Overview

In methods such as DQN, the Q (s, a) of each state was calculated by a policy, and the action that maximized the Q value was selected and acted, but this could only handle discrete actions. On the other hand, DDPG did not seek the action to maximize the Q value in order to correspond to the continuous action space, but responded by parameterizing the policy and outputting the action directly. Therefore, it is a decisive measure.

Implementation

Replay buffer

It is a familiar replay buffer in deep reinforcement learning. The current state, the action at that time, the next state, the immediate reward, and the terminal state are saved as one tuple.

from collections import deque, namedtuple
import random

Transition = namedtuple('Transition', ('state', 'action', 'next_state', 'reward', 'done'))

class ReplayBuffer(object):
    def __init__(self, capacity=1e6):
        self.capacity = capacity
        self.memory = deque([], maxlen=int(capacity))

    def append(self, *args):
        transition = Transition(*args)
        self.memory.append(transition)

    def sample(self, batch_size):
        return random.sample(self.memory, batch_size)

    def reset(self):
        self.memory.clear()

    def length(self):
        return len(self.memory)

    def __len__(self):
        return len(self.memory)

model

In DDPG, there are Actor $ \ mu (s) $ which outputs the action continuously from the current state and Critic $ Q (s, a) $ which outputs the Q value from the current state and action. The initialization of the weights of each layer is in line with the original paper, so please check there for details (link below). What is characteristic is that there is a tanh in the final layer of the Actor, and when you receive an action in Critic, you receive it in the second layer. If you are experimenting with Pendulum, you may be able to write 2 in the output because the range of action is [-2, 2].

import torch
import torch.nn as nn
import torch.nn.functional as F
import numpy as np

def init_weight(size):
    f = size[0]
    v = 1. / np.sqrt(f)
    return torch.tensor(np.random.uniform(low=-v, high=v, size=size), dtype=torch.float)

class ActorNetwork(nn.Module):
    def __init__(self, num_state, num_action, hidden1_size=400, hidden2_size=300, init_w=3e-3):
        super(ActorNetwork, self).__init__()
        self.fc1 = nn.Linear(num_state[0], hidden1_size)
        self.fc2 = nn.Linear(hidden1_size, hidden2_size)
        self.fc3 = nn.Linear(hidden2_size, num_action[0])

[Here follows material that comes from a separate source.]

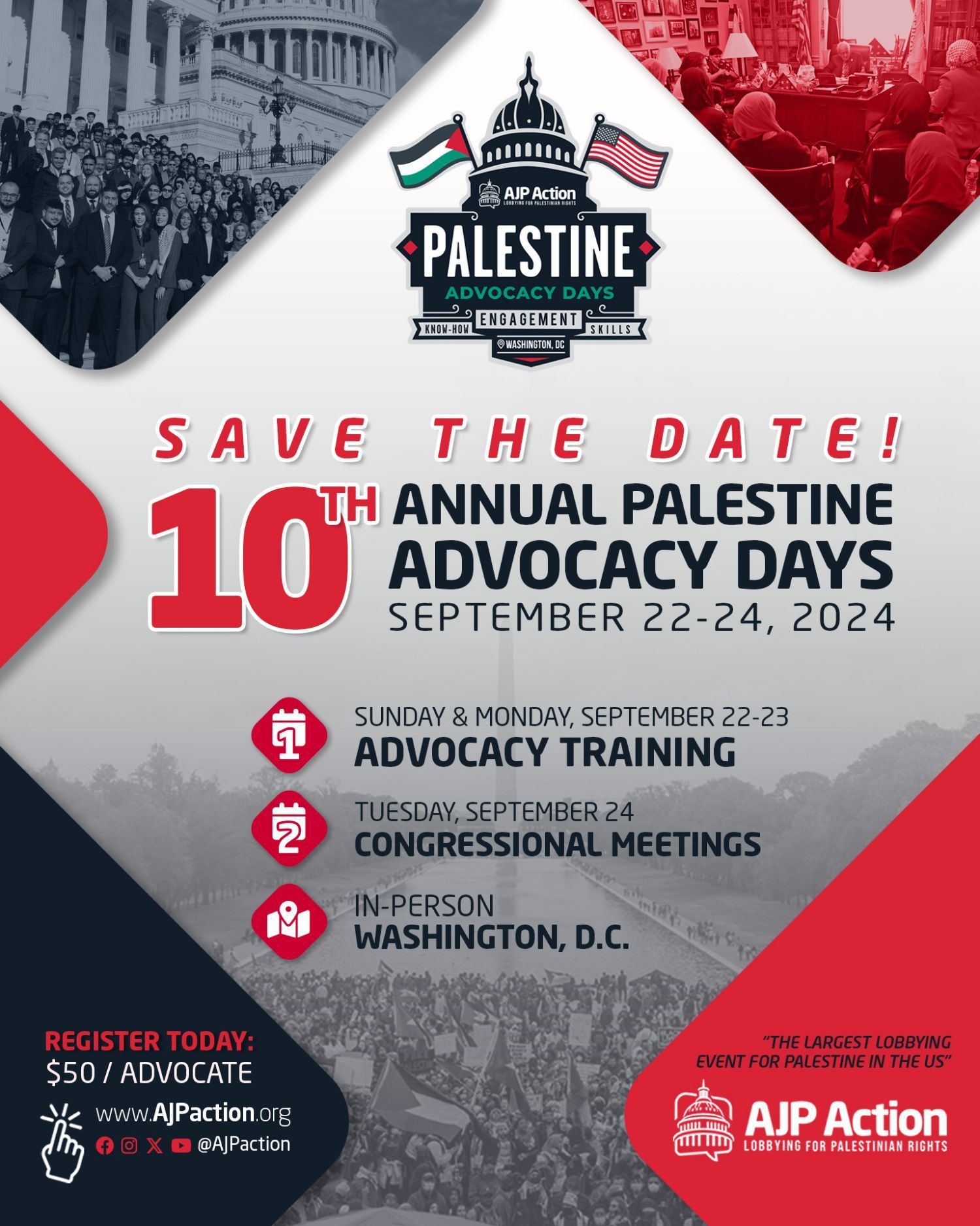 Demand Change, Revive Your Voice: Hearts in Gaza, Feet in Congress Dear Email, We're excited to announce the 10th Annual Palestine Advocacy Days, which will take place from September 22nd to 24th, 2024 in Washington, DC. Almost a full year of death and destruction in Gaza weighs heavily on our hearts. We have taken to the streets and marched on the White House in historic numbers. Now, we must channel our grief and outrage to ensure our representatives on the Hill do not forget. Show up for Gaza and for Palestine: help us make this the largest Palestine Advocacy Days Congress has ever seen. Click here to register for our 2024 Palestine Advocacy Days! Every year, we gather at our nation’s capital to meet with Members of Congress and share our stories to push for tangible policy change. As Americans, we have the power to be heard in many forums, and we cannot let the Halls of Congress be silent on the genocide of Palestinians as billions of US tax dollars bolster the Israeli regime. The days of minority support for Palestinian human rights are over — and we need to make sure Congress knows it. Thanks to dedicated efforts across the movement and your support for organizations like AJP Action and American Muslims for Palestine, we are stronger than ever. Our polling shows over 60% of Democrats and Independents in key states believe in conditioning aid that abets war crimes, and across likely voters nationwide, 55% support withholding all military aid until Israeli attacks on Gaza stop. This September, we can make clear that the will of the people is on the side of ending military aid to the Israeli regime, on the side of guaranteeing aid to UNRWA and rebuilding Gaza, and on the side of ending genocide and apartheid across Palestine. We will not stop, we will not rest until our government has halted the flow of weapons fueling this genocide. Join us. Together, we face a unique opportunity in election year in which positions on Gaza may determine the outcome. We can use this moment to advocate for lasting change if we continue to apply strategic pressure—with our hearts in Gaza and our feet in Congress. Register today — you will receive comprehensive training and skills for legislative advocacy. Stay tuned for more updates, and share with your friends and family. |

        self.num_state = num_state
        self.num_action = num_action

        self.fc1.weight.data = init_weight(self.fc1.weight.data.size())
        self.fc2.weight.data = init_weight(self.fc2.weight.data.size())
        self.fc3.weight.data.uniform_(-init_w, init_w)

    def forward(self, x):
        h = F.relu(self.fc1(x))
        h = F.relu(self.fc2(h))
        y = torch.tanh(self.fc3(h))  #May I multiply by 2?
        return y

class CriticNetwork(nn.Module):
    def __init__(self, num_state, num_action, hidden1_size=400, hidden2_size=300, init_w=3e-4):
        super(CriticNetwork, self).__init__()
        self.fc1 = nn.Linear(num_state[0], hidden1_size)
        self.fc2 = nn.Linear(hidden1_size+num_action[0], hidden2_size)
        self.fc3 = nn.Linear(hidden2_size, 1)
        
        self.num_state = num_state
        self.num_action = num_action

        self.fc1.weight.data = init_weight(self.fc1.weight.data.size())
        self.fc2.weight.data = init_weight(self.fc2.weight.data.size())
        self.fc3.weight.data.uniform_(-init_w, init_w)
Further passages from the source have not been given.